Blumer: You have the Board on Aging web site.
Holtz: We have the Board on Aging web site.
Blumer: Which goes everywhere.
Holtz: Yes. There's a lot of one-stop shopping and even much more of a concerted effort to keep doing that, to have a lot more coordination for people.
Kinchlow: Just some final thoughts. We all would like to think that we get old gracefully. But just some final thoughts in terms of your feelings on senior citizens.
Kane: Maybe one of the most important things to get across is, as we age, we diverge, so seniors are different from each other. And then when you're thinking about a 40-year time span, there's just huge differences and lots of opportunity for productivity, for creativity. But there will be needs too in older people.
Kinchlow: That's such a positive way to look at this. Deb?
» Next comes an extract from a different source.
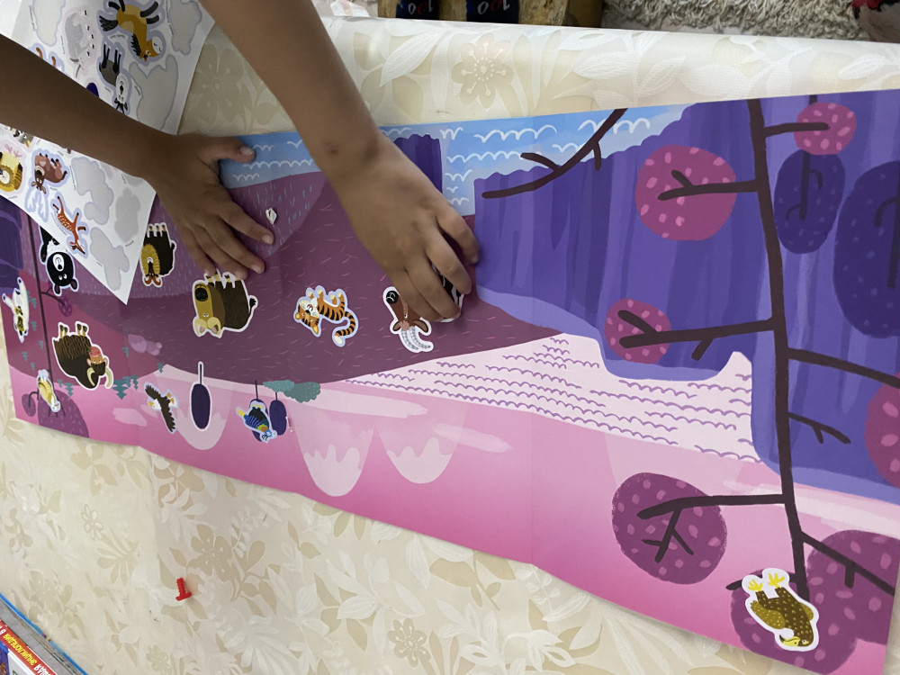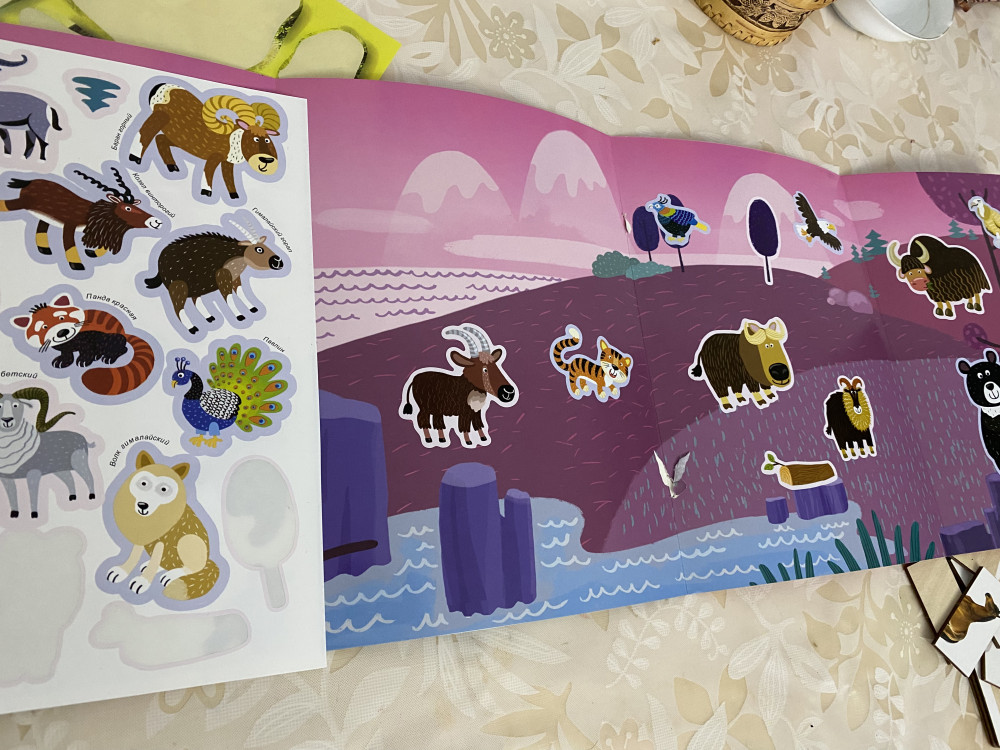 Красивая панорамка с животными, обитающими высоко в горах. Достаточно много наклеек, при этом - с описаниями животных. Это очень существенно, потому что животные Гималаев - плохо знакомы не только детям, но и обо многих из этих животных не знают даже взрослые.

Holtz: I always think information is power, and I think that's one of the most powerful things that we have in Minnesota. We do have a wealth of information and resources and places for people to at least talk about it and develop policies and additional funding and services and supports, and I think it's just something that we all need to think about probably a lot more than we do. It's easy for me to think about my parents who are aging. I would rather not think that I'm in that age bracket yet, but realistically, I should be thinking about, what are my financial resources? What are my social supports? Just thinking about things and just arming myself with that information and knowledge and an acceptance of the fact that life changes, and if we're lucky enough, you get to have the marathon, and you get to age. If you are lucky enough, you get to be a senior.
Blumer: It's hard to visualize when it's uncertain. As my friends are now contemplating and some of them retiring, they have definite plans for the next 15 years, and after that, it's a dark abyss. They have no idea. They haven't visualized themselves this way, and they don't know whether to visualize a healthy 80s or an unhealthy 80s, and so therefore, they refuse to try to visualize it and plan themselves out. I think they would conduct themselves differently on early retirement if they would do some visualizing, and I am not very good at it myself, but that's the model that I'm trying to set, that I can set the model for my parents who are very healthy 80s, and I can also set the model where I might have a stroke tomorrow, but I will be here for 20 years, and that's the hard reality—visualizing yourself in that—and embracing what that means both in a positive and a not so positive way. But to fail to do it, I think, is really counterproductive.
Kinchlow: Thank you three times over for coming and talking about this. There's so much that you can learn just from listening and from observing and, as you said, being fortunate enough to be in that situation where you're helping someone who is a senior, because it's not that far down the road for some of us, a little further for others. But it's not that far down the road, and it doesn't have to be scary if you arm yourself with information. So thank you so much for talking with us this evening.